Ayear or so ago, just after Scotland's whitewash at the Six Nations, I received an email which contained one of the most entertaining conspiracy theories I have read in many a year.

Taking into account the mess Scottish rugby was in, its author had put that together with the horrors being suffered by the national football team and, in particular, Craig Levein's decision to play without a striker against the Czech Republic in Prague some 18 months earlier.

This was, the writer contended – while pointing towards the number of Englishmen in key roles within the two professional sports that field the national teams with which most Scots collectively identify – proof of a Unionist plot to demoralise the nation through sport in the run-up to the independence referendum in 2014.

It was, of course, wonderfully ridiculous stuff – I sincerely hope deliberately so – and yet, with the latest World Cup campaign over faster than any in history for our footballers, I thought back to his message and to how a genuine issue had provided the germ of an idea.

Central to it is the question of how much sport really matters. It is considered to be civilised man's alternative to war. If that is so, then while we are having a civilised debate that revolves around national pride, what damage does sporting failure do?

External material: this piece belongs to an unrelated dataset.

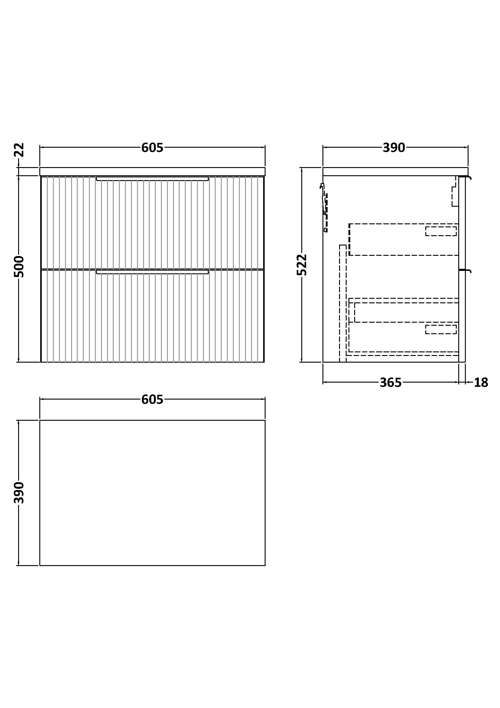 Fluted 600mm Wall Hung 2-Drawer Vanity and Laminate Top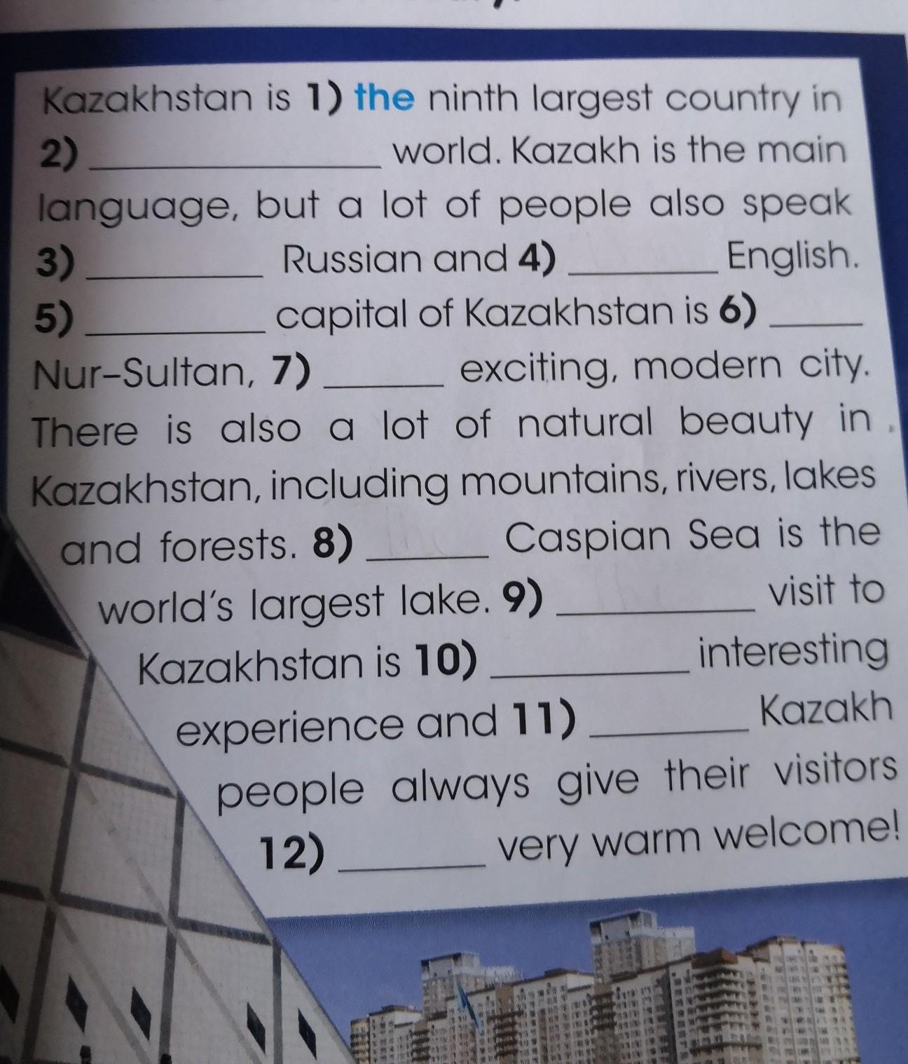 1) the 2)the 3)in 4)in 5)Nur-Sulatan 6) a 7) He is an 8)Kazakhstan 9)A 10)very 11)experiment 12)Kazakhstan (надеюсь помогла)

I do not think for a minute that Craig Levein, Andy Robinson and Gordon Strachan have ever set out to fail, or to do anything other than please Scottish people. With the benefit of hindsight, though, maybe the SNP government should be starting to wonder whether they made the right decision when, having promised to break up sportscotland ahead of first coming to power, they then failed to do so.

An opportunity to completely overhaul sport in this country was missed at that stage and things have gone from bad to worse since.

Coach after coach has been sacked in both football and rugby but the reality is there is a desperate lack of talent emerging and that is down to the failure to stimulate interest and encourage competition at an early age.

We live in a country where, bizarrely, it has been considered wrong to encourage sporting competition in schools so as to ensure that less physically-orientated pupils are not made to feel inferior, while at the same time allowing those whose strengths lie in their physical prowess to feel inferior if their academic performance does not measure up.

That is partly a result of the attitudes of teachers and local councils but also of the governing bodies failing miserably to promote the importance of competitive sport in schools, the one place where they have access to all pupils and the opportunity to find out what they are good at.

On which note, I recently pointed towards the reversion of the Scotland rugby team to reliance on its three traditional heartlands of the Borders, private schools and imports.

The anticipated howls of protest, claiming anti-Borders tendencies or chippiness towards the private sector, did not materialise. Instead a couple of freelance colleagues have been sending me messages in the interim pointing out the extent to which that reliance is repeated in the current national under-18 and under-16 squads.

As with the likes of Levein, Robinson and Strachan at senior level, the blame does not lie with those selecting the players, but with those who are not giving state school pupils in our biggest population areas the opportunity to develop and hone their skills in a properly competitive environment at an earlier age.Yet no-one wants to discuss this among the powers-that-be because no-one in sports governing bodies seems to want to be subjected to any sort of measure of their performance.

In recent years I have been approached by a succession of sports bodies seeking increased coverage. Their approaches have always been welcomed, with the caveat always included that they must accept that increased coverage also means increased scrutiny.

To a man and a woman those involved claim at the outset to understand that before gratefully acknowledging any increased coverage and offering thanks for support, invariably laughing off my reminders at that point that our job is not to support, but to report.

Thereafter comes the inevitable next phase when the interest raised means that those who believe there are issues to be raised within the sport in question bring them forward. That is not the sort of coverage that was sought and so those who asked for the attention either complain or retreat into silence because what they really wanted was not coverage but free advertising.

A characteristic of modern sports administration in this country seems to be the need to talk everything up while dismissing as kill-joys those who point out failings. The consequences of failing to apply proper self-criticism has, then, left us forced to agree with a Welsh has-been who tells us our national football team is the worst we have ever had.

Meanwhile, some are trying to tell us we should gratefully race to appoint permanently the caretaker coach who oversaw a Six Nations campaign in which our rugby team lost more matches than they won.

It is time, perhaps, to consider what has happened to our self-respect and whether, in this civilised battle for the future, irrevocable damage has already been done to morale at a time when some are hoping to maximise a sense of Scottish national pride.